Magnetoliposomes as magnetic resonance imaging contrast agents.

Abstract

Among the wide variety in iron oxide nanoparticles which are routinely used as magnetic resonance imaging (MRI) contrast agents, magnetoliposomes (MLs) take up a special place. In the present work, the two main types (large and small MLs) are defined and their specific features are commented. For both types of MLs, the flexibility of the lipid coating allows for efficient functionalization, enabling bimodal imaging (e.g., MRI and fluorescence) or the use of MLs as theranostics. These features are especially true for large MLs, where several magnetite cores are encapsulated within a single large liposome, which were found to be highly efficient theranostic agents. By carefully fine-tuning the number of magnetite cores and attaching Gd(3+) -complexes onto the liposomal surface, the large MLs can be efficiently optimized for dynamic MRI. A special type of MLs, biogenic MLs, can also be efficiently used in this regard, with potential applications in cancer treatment and imaging.
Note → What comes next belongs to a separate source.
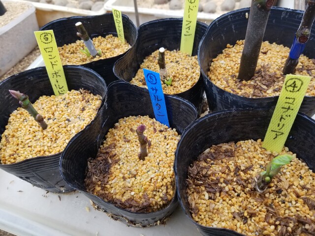 以下は、その時に穂木をカットして、硬質化沼土に挿し木した画像である。
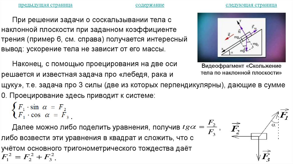 щуку», т.е. задача про 3 силы (две из которых перпендикулярны), дающие в сумме

Small MLs, where the lipid bilayer is immediately attached onto a solid magnetite core, give a very high r2 /r1 ratio. The flexibility of the lipid bilayer allows the incorporation of poly(ethylene glycol)-lipid conjugates to increase blood circulation times and be used as bone marrow contrast agents. Cationic lipids can also be incorporated, leading to high cell uptake and associated strong contrast generation in MRI of implanted cells. Unique for these small MLs is the high resistance the particles exhibit against intracellular degradation compared with dextran- or citrate-coated particles. Additionally, intracellular clustering of the iron oxide cores enhances negative contrast generation and enables longer tracking of labeled cells in time.